13. This quote from a speechless friend (a friend who is never speechless, at least as far as I have experienced) after the service: “It was so… I mean, it was… just… it was so… :long pause: Well, let me put it this way, there were a lot of butch lesbians in that congregation who were trying really hard not to cry.”

12. On the sanctuary walls around us, an exhibit of art made by children in the congregation. How perfectly perfect!

11. The people who came from far and near to witness this milestone in my life. I am amazed and grateful.

10. The way people are touched by the way that I see the world.
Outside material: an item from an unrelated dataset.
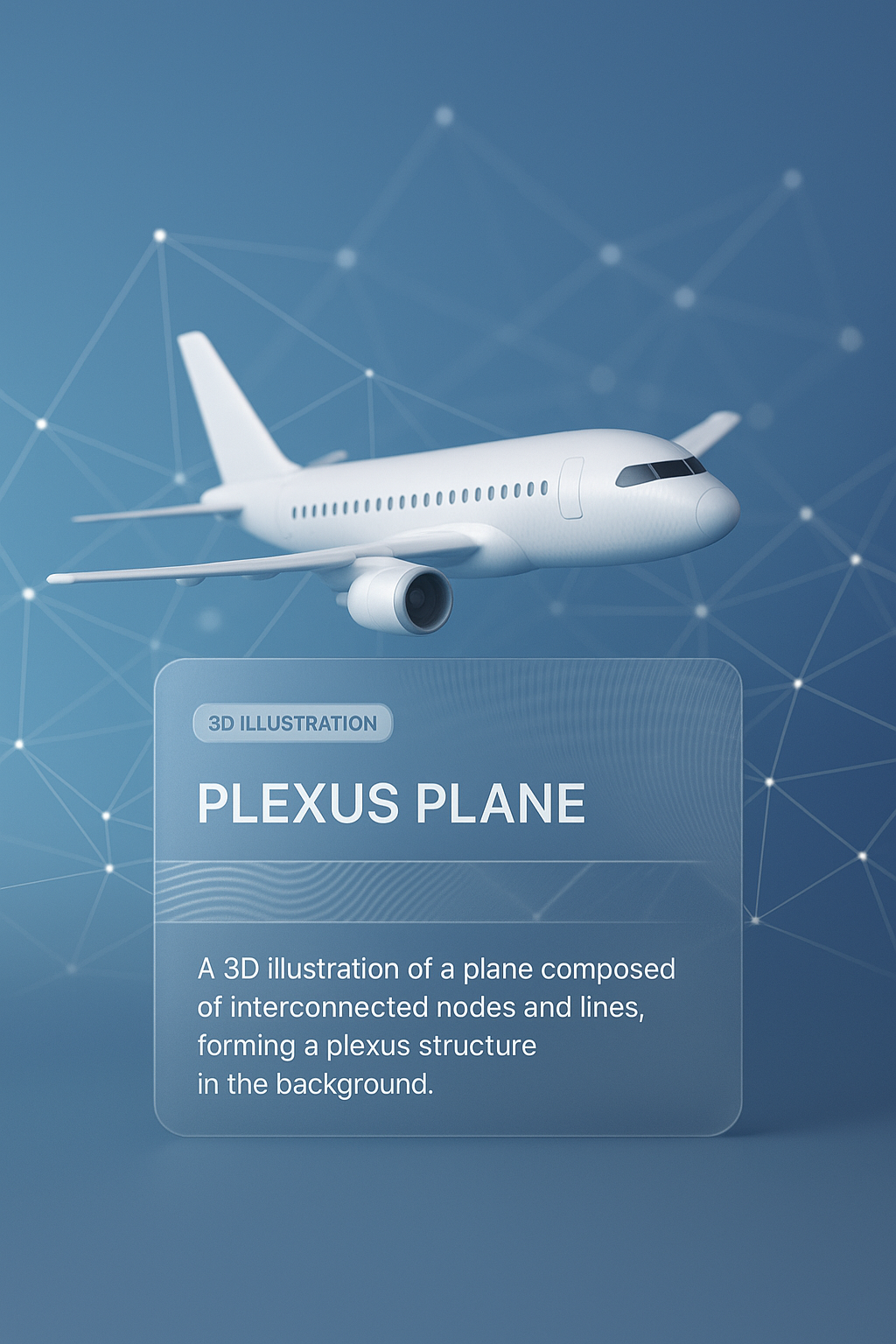 /Collection: /by davooda/Type: PNG/This image features a 3D illustration of a plane composed of interconnected nodes and lines, set against a smooth gradient background. A transparent text block provides additional context.

From inside my head, it seems so normal and everyday–it’s just the way it is in here.

9. My mother, as she stood behind me with her hand on me during the laying on of hands, had a visceral memory of my birth. What amazing symbolism.

8. The words of the response to the psalm, “We are made from this earth, we are body borne, the spirit indwells, alleluia.”
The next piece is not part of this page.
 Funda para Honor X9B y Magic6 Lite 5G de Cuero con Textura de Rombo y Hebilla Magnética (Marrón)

7. Drummers and a singing congregation, rockin’ out to the calypso beat of an old Harry Belafonte tune. “We are of the spirit, truly of the spirit, only can the spirit turn the world around!”

6. The scent of the cinnamon mixed into the oil that RevDoc used to anoint my hands for the work of ministry.

5. All of the carved rosewood symbols of the world religions, the images that made me fall in love with the meetinghouse in the first place.

4. Even under the weight of the hands of so many people, an indescribable feeling of lifting, a palpable sense of being surrounded and buoyed by the Spirit. I was not and am not alone in this.

3. Music, such beautiful music, soaring and floating and winging its way around the meetinghouse, expressing so much more than just words can say, the love and the care and the beauty that is put into such artistic expression. Especially the arrangement of “Testimony.” Thank you, thank you, Justine!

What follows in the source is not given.